Three flip-flops 69, 70 and 71 record temporarily during each bit cell the particular one of the lines A, B or C which was last activated, to thus automatically select a coding pattern corresponding to that adopted in the same cell by the circuitry of FIG. 1, and more specifically a pattern which will not utilize the same coded change in state for two successive cells, thereby requiring one change in state for each cell. The output lines 72, 73 and 74 from the three flip-flops are three of eight horizontal lines in an integrated circuit diode matrix 75 of the same general type as circuit 21 in FIG. 1. Of the other horizontal lines, the three designated 76, 77 and 78 are connected to the previously mentioned lines A, B and C through differentiating circuits 100, 101 and 102 respectively, each of which is designed to break a ground connection to the associated line 76, 77 or 78 upon activation of the connected line A, B or C. The lower two horizontal lines 79 and 80 in FIG. 2 form two OR circuits, whose energization conditions an output flip-flop 81 for actuation to its upper or lower state respectively (to indicate ones and zeros respectively) upon receipt ofa clocking signal through a line 82.

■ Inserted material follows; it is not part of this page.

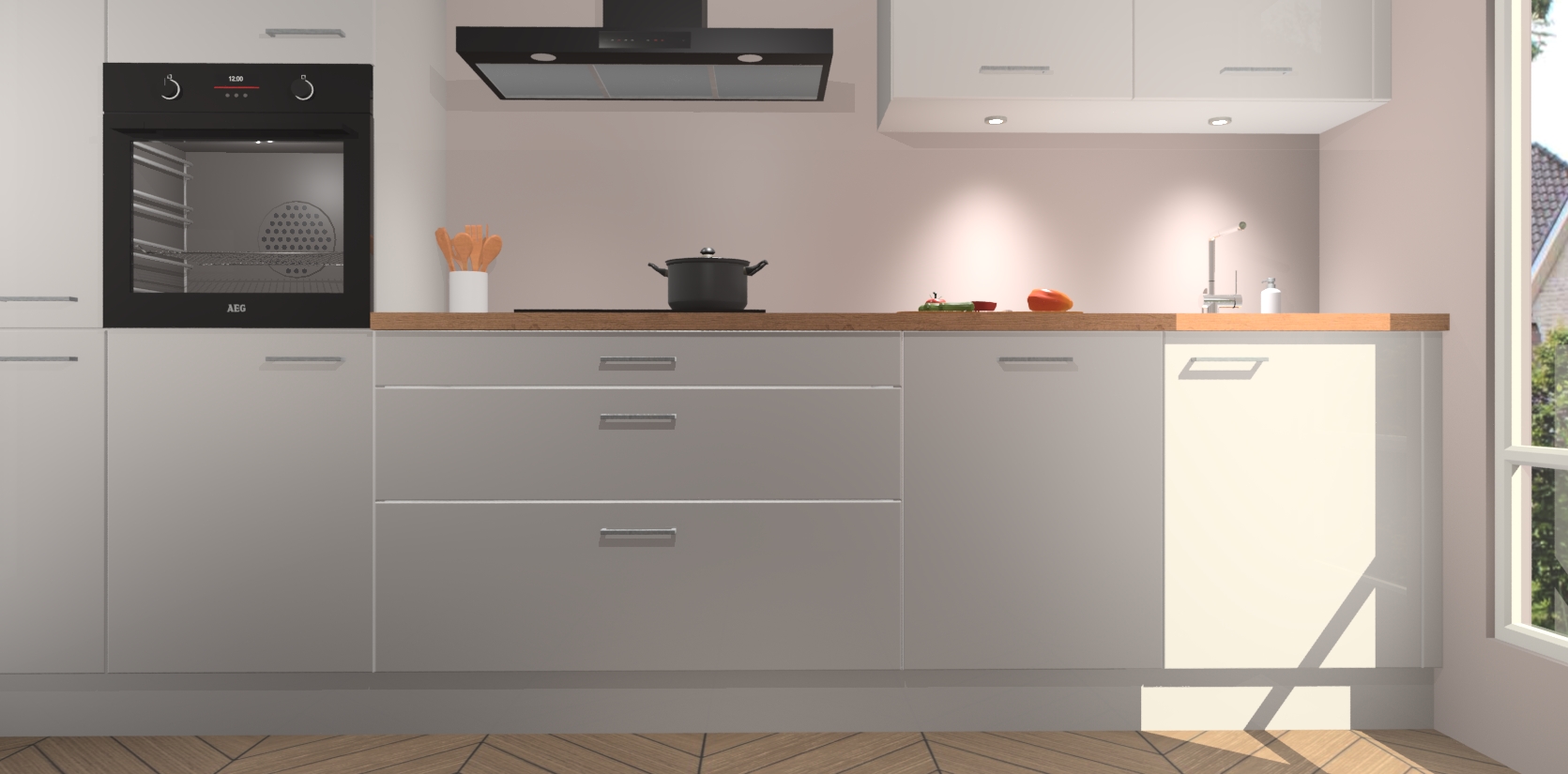 Inclusief plinten, stelpoten en werkblad

The six vertical lines 83, 84, 85, 86, 87 and 88 of matrix 75 are connected by individual load resistors 89 to the positive voltage terminal 91 of a direct current power source, whose negative side is connected to ground. When flip-flops 69, 70 and 71 are in their lower states, they connect their associated lines 72, 73 and 74 to ground, with these ground connections being broken when each of the flip-flops is actuated to its higher state.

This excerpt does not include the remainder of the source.